# TRY IT
Don't include pictures. Quote the lines below from the first through the line that contains "The image depicts".
»»
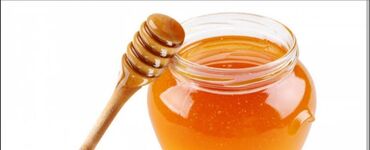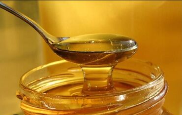 - Şüşə qabda, qatı və şəffaf teksturalı, qızılı-琥珀 rəngli bal.
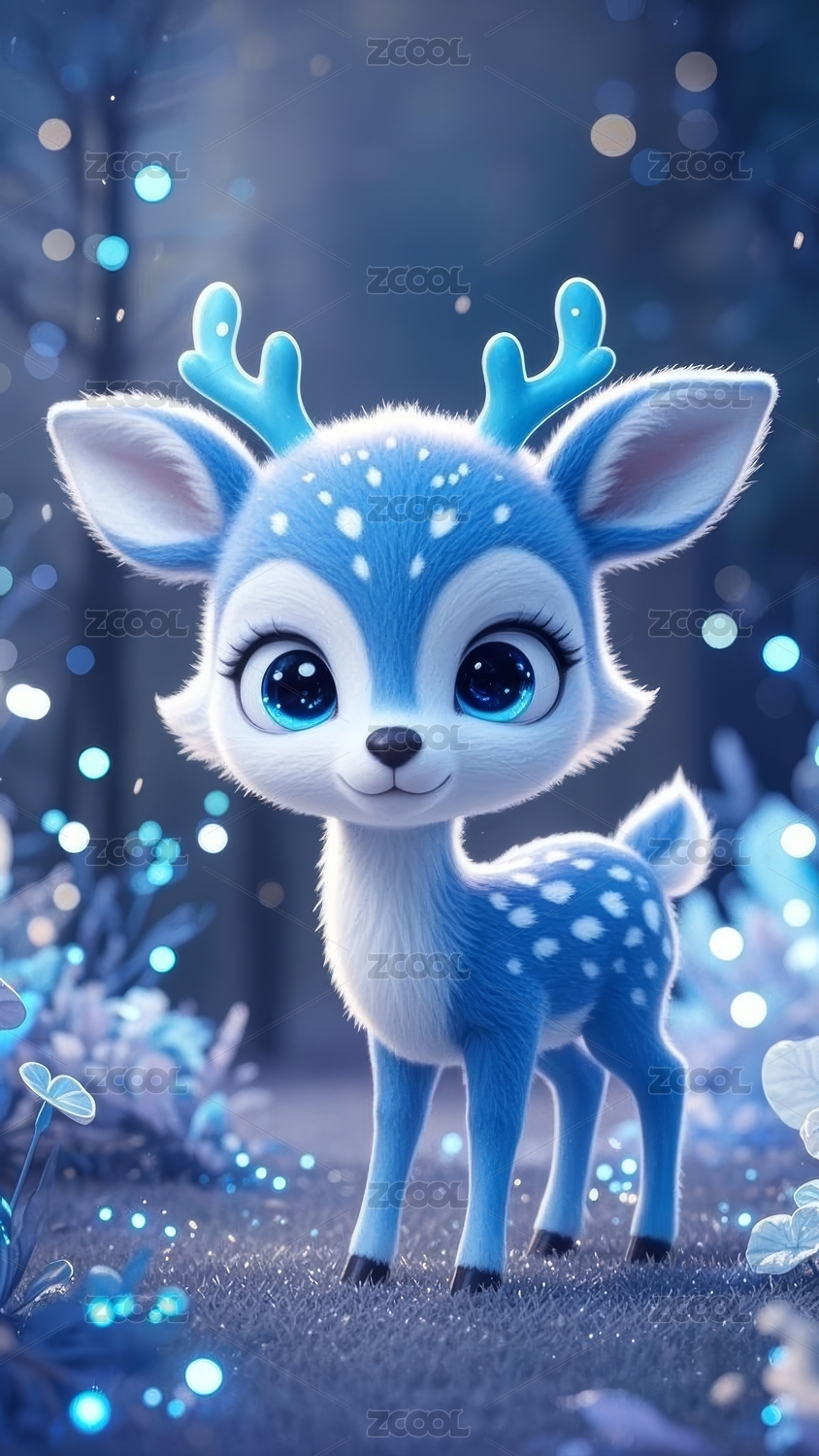 梅花鹿可爱唯美野生动物3D卡通插画壁纸
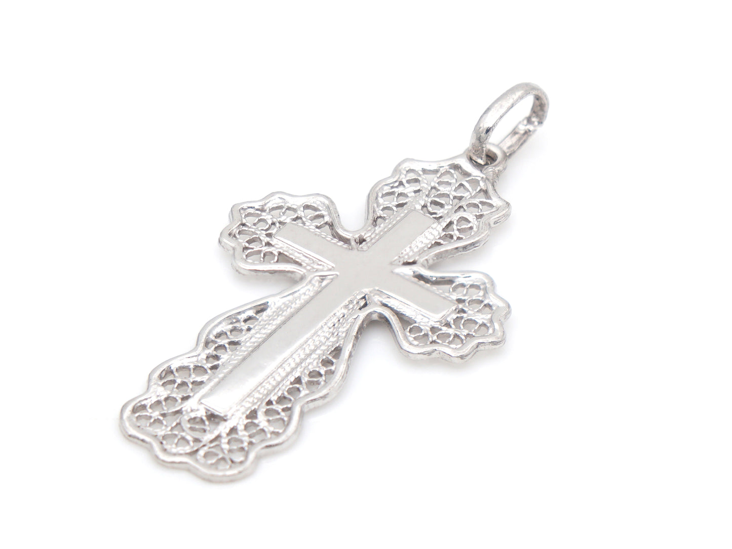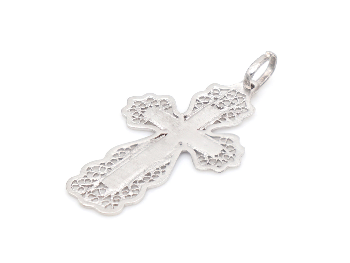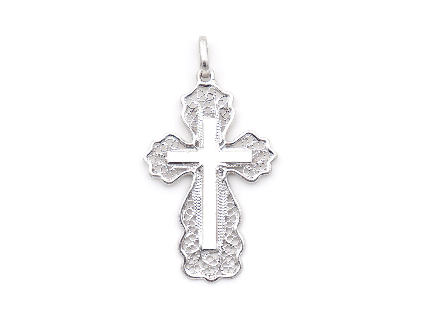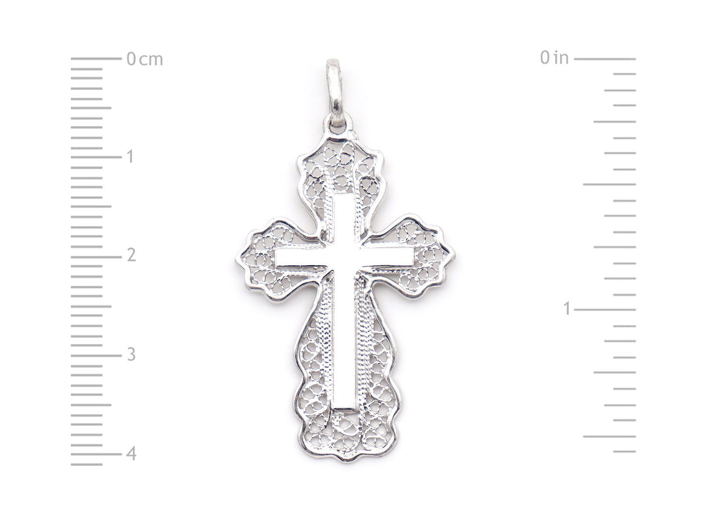 Élégante Médaille Croix Miroir, en Filigrane Portugaise, fabriqué au Portugal en Argent 925 Rhodié.
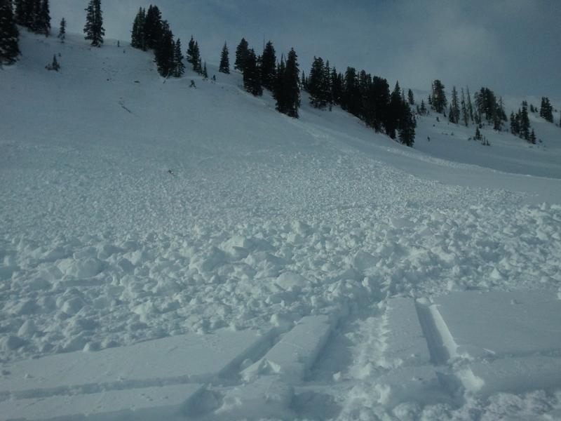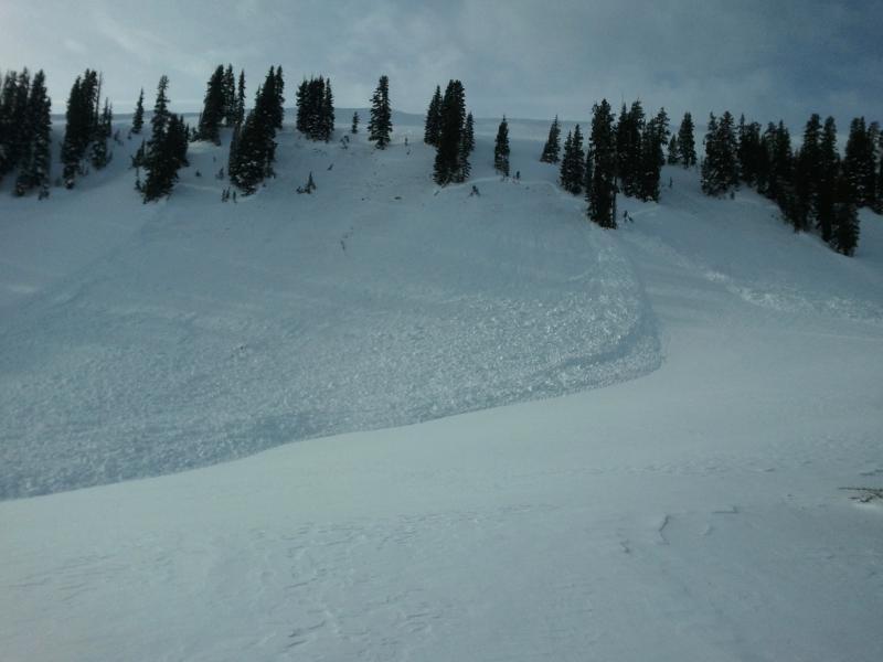 Triggered low on the slope and breaking into weak snow near the rocks on a steep, breakover. Images are before and after the slide.
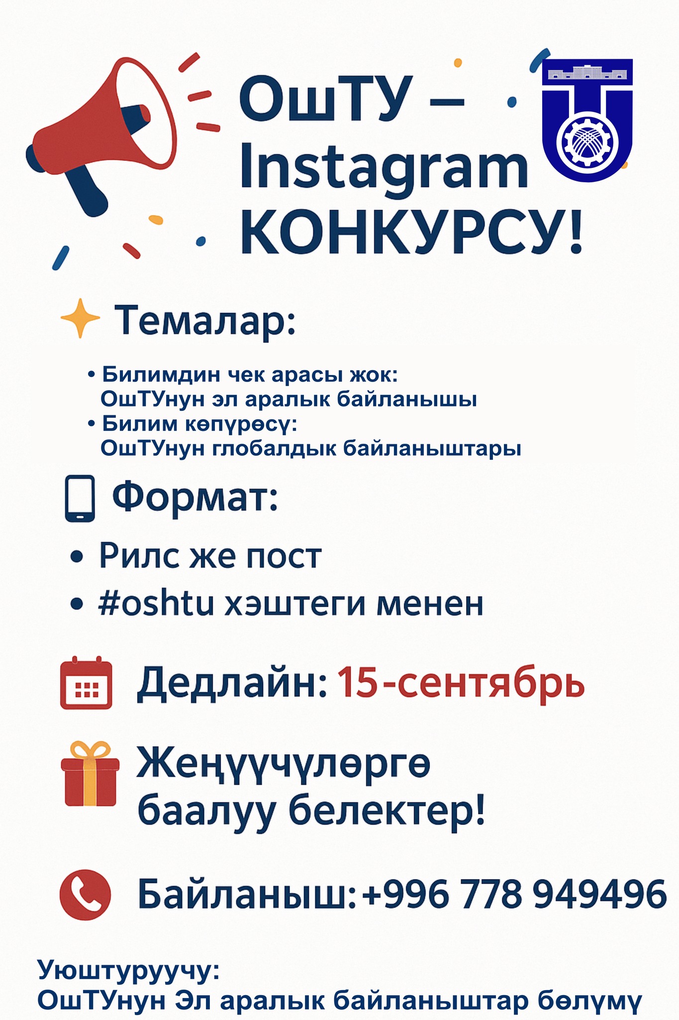 М.М. Адышев атындагы Ош технологиялык университетинин Эл аралык байланыштар бөлүмү Instagram платформасында студенттер үчүн конкурс жарыялайт
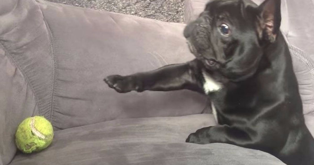 Dog just wants to try out for the tennis team, but just can't seem to get his ball
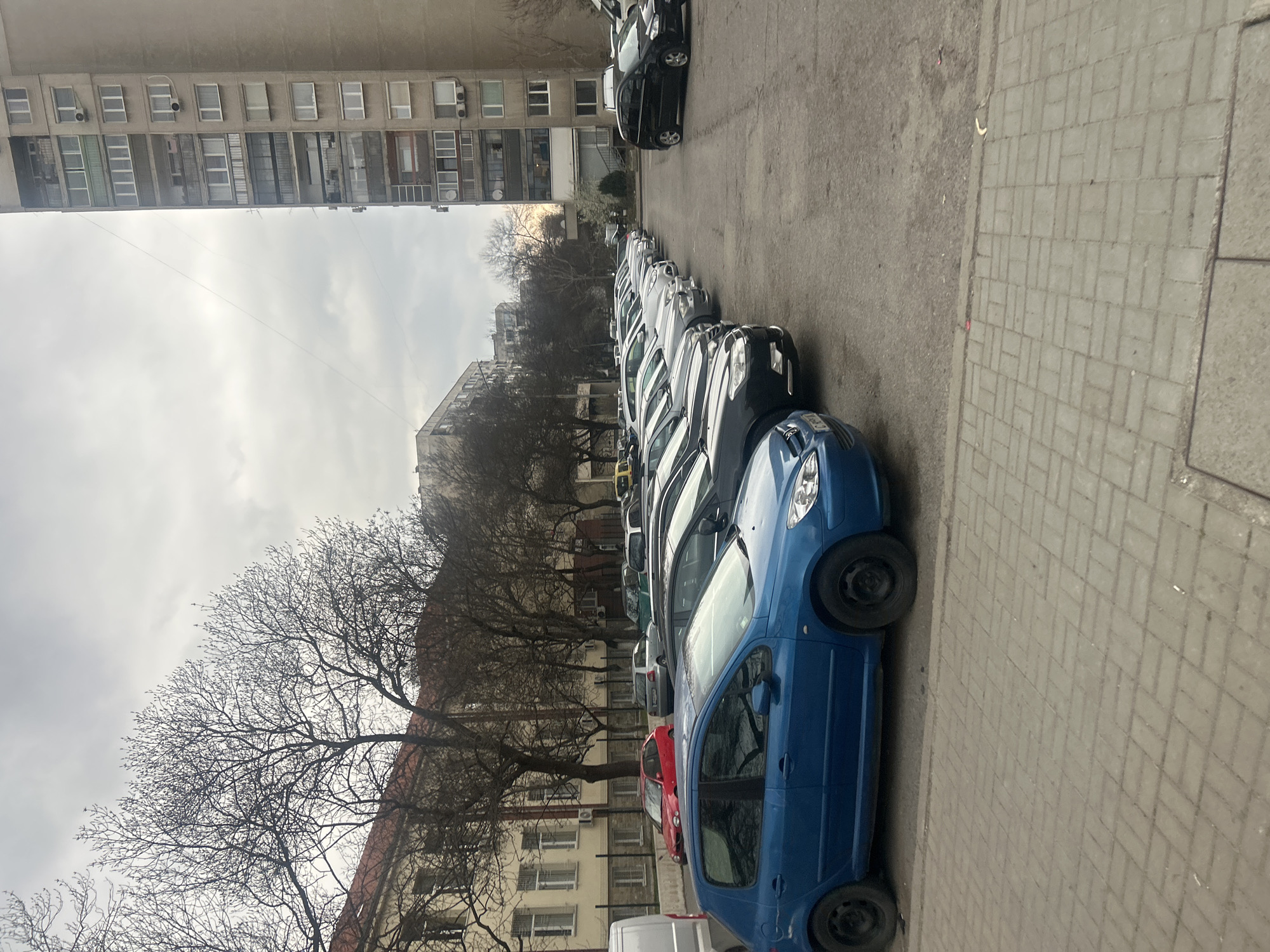 The image depicts an outdoor parking lot in Sofia, Bulgaria, under an overcast sky, indicating either late winter or early spring due to the bare deciduous trees
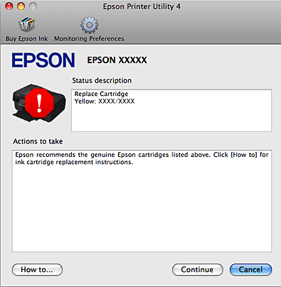 Hvis blækniveauet er lavt, eller patronen er tom, vises der en How to (Sådan)-knap. Klik på How to (Sådan), så hjælper EPSON Status Monitor 3 dig gennem proceduren med at udskifte patroner trin for trin.
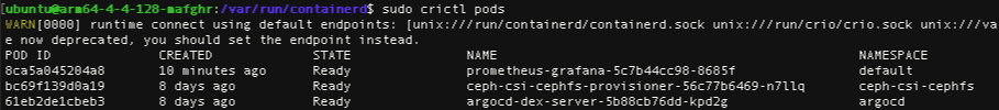 # WARN[0000] runtime connect using default endpoints: [unix:///run/containerd/containerd.sock unix:///run/crio/crio.sock unix:///var/run/cri-dockerd.sock]. As the default settings are now deprecated, you should set the endpoint instead.
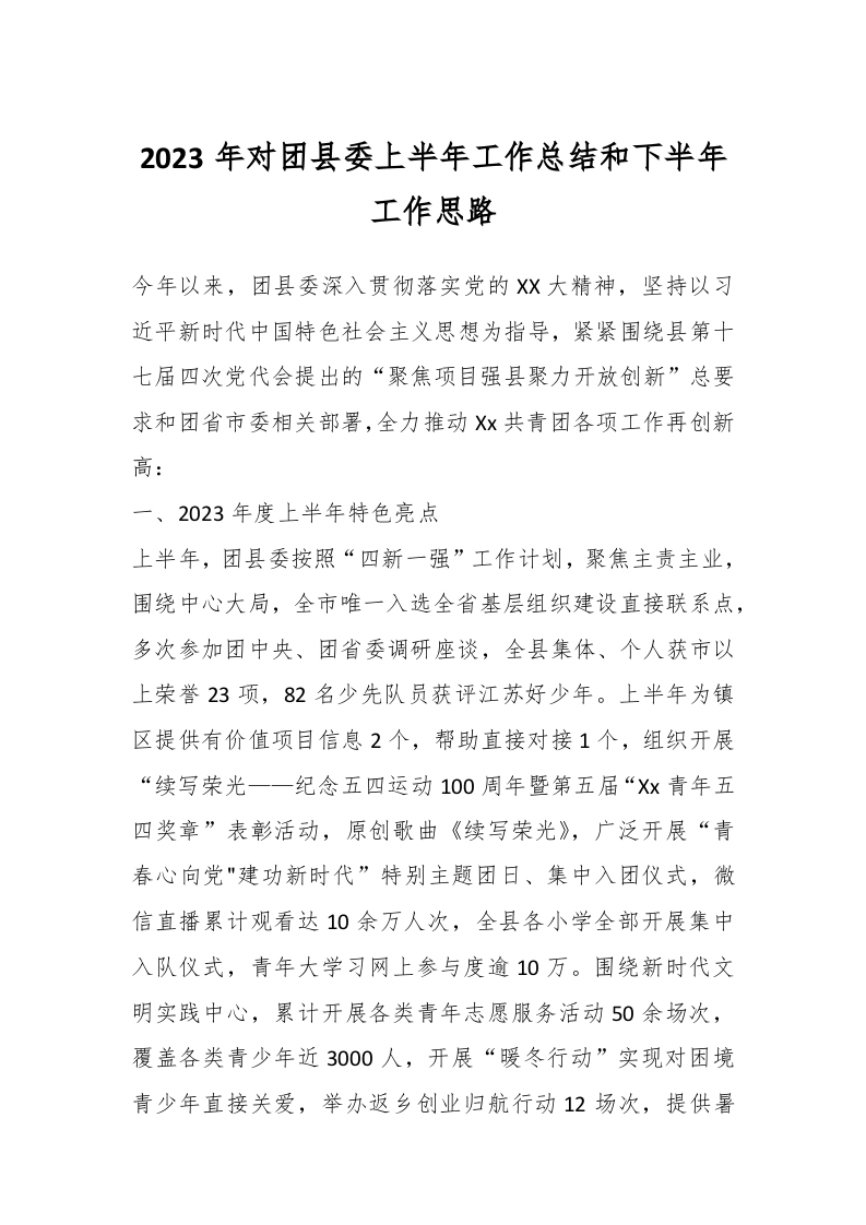 2023年对团县委上半年工作总结和下半年工作思路
««
# EXERCISE OUTPUT
 - Şüşə qabda, qatı və şəffaf teksturalı, qızılı-琥珀 rəngli bal.
 梅花鹿可爱唯美野生动物3D卡通插画壁纸
 Élégante Médaille Croix Miroir, en Filigrane Portugaise, fabriqué au Portugal en Argent 925 Rhodié.
 Triggered low on the slope and breaking into weak snow near the rocks on a steep, breakover. Images are before and after the slide.
 М.М. Адышев атындагы Ош технологиялык университетинин Эл аралык байланыштар бөлүмү Instagram платформасында студенттер үчүн конкурс жарыялайт
 Dog just wants to try out for the tennis team, but just can't seem to get his ball
 The image depicts an outdoor parking lot in Sofia, Bulgaria, under an overcast sky, indicating either late winter or early spring due to the bare deciduous trees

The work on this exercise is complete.